* YOUR TASK:
Once you find the line containing "Для того, чтобы" in the data below, copy it and each following line exactly, up to and including the line containing "- Versatility: Suitable", and nothing else.

* DATA EXTRACTS:
'''
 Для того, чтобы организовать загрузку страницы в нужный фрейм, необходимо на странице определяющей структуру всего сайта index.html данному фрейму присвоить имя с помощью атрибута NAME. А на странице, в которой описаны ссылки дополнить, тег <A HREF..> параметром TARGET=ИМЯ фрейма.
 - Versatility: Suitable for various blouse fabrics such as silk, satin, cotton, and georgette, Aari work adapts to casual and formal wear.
'''
'''
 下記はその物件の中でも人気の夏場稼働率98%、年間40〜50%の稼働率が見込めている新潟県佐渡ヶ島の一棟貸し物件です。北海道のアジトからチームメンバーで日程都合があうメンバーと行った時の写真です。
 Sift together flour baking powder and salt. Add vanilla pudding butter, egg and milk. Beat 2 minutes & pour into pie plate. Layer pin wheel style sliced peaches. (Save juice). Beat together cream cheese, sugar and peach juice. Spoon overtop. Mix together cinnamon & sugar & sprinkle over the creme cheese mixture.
'''
'''
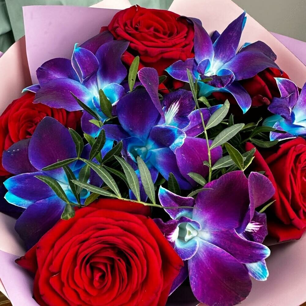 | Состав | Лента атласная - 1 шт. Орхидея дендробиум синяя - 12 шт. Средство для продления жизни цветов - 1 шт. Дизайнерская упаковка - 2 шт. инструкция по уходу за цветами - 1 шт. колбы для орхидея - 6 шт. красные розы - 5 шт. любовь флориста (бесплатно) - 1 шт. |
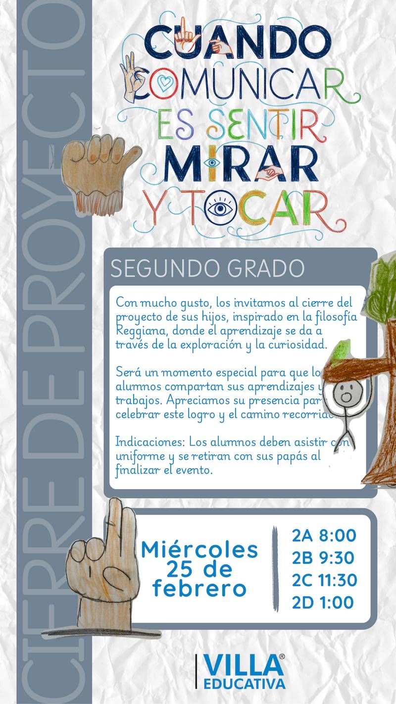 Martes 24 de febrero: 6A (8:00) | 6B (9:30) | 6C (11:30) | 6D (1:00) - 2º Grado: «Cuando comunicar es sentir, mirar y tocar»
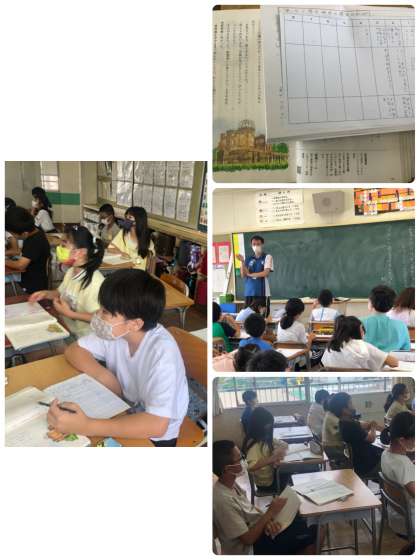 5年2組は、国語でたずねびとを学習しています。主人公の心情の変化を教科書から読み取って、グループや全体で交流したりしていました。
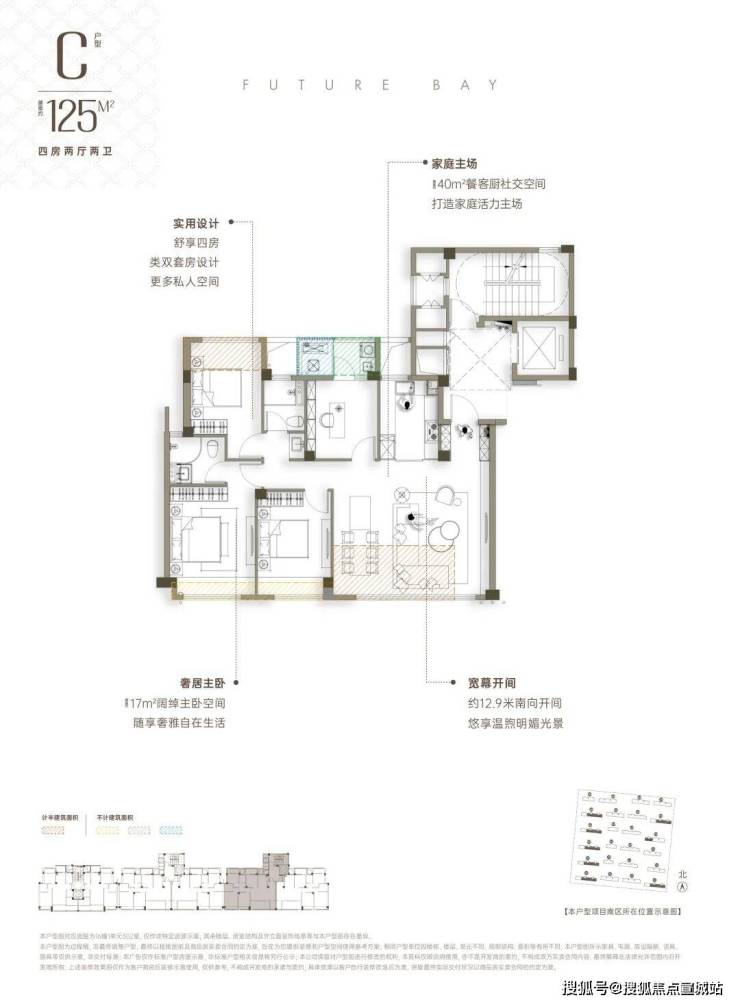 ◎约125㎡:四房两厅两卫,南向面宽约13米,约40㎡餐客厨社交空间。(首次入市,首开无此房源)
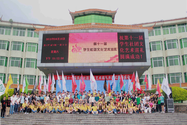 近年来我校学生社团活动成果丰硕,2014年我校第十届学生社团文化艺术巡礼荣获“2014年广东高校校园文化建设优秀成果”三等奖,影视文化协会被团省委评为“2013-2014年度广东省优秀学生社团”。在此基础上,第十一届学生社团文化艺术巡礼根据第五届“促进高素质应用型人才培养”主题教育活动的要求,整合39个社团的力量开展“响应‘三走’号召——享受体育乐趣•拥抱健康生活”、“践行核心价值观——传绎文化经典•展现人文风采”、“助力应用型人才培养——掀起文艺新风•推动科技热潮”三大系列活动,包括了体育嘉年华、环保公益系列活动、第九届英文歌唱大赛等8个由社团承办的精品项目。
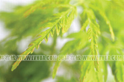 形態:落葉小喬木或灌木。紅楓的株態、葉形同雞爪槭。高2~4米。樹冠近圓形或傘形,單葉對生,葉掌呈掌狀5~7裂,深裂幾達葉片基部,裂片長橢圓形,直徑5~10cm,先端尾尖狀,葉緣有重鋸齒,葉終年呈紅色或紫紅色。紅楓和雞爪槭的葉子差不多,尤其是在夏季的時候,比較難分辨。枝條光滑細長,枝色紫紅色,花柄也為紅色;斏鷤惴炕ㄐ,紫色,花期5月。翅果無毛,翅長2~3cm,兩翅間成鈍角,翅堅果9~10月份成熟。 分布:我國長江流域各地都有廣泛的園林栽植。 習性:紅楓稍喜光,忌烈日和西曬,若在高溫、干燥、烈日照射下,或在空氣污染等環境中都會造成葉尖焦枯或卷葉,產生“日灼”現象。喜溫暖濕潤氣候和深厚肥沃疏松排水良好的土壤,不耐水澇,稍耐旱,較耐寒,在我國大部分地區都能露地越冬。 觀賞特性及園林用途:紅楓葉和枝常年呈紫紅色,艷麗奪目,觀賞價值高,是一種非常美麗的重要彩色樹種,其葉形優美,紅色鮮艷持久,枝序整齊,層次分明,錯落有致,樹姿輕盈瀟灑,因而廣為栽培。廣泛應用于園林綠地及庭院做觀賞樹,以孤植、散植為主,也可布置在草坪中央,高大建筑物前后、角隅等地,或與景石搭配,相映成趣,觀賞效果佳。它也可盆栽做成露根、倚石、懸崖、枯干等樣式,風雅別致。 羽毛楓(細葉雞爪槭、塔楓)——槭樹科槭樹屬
'''
* EXERCISE RESPONSE:
 Для того, чтобы организовать загрузку страницы в нужный фрейм, необходимо на странице определяющей структуру всего сайта index.html данному фрейму присвоить имя с помощью атрибута NAME. А на странице, в которой описаны ссылки дополнить, тег <A HREF..> параметром TARGET=ИМЯ фрейма.
 - Versatility: Suitable for various blouse fabrics such as silk, satin, cotton, and georgette, Aari work adapts to casual and formal wear.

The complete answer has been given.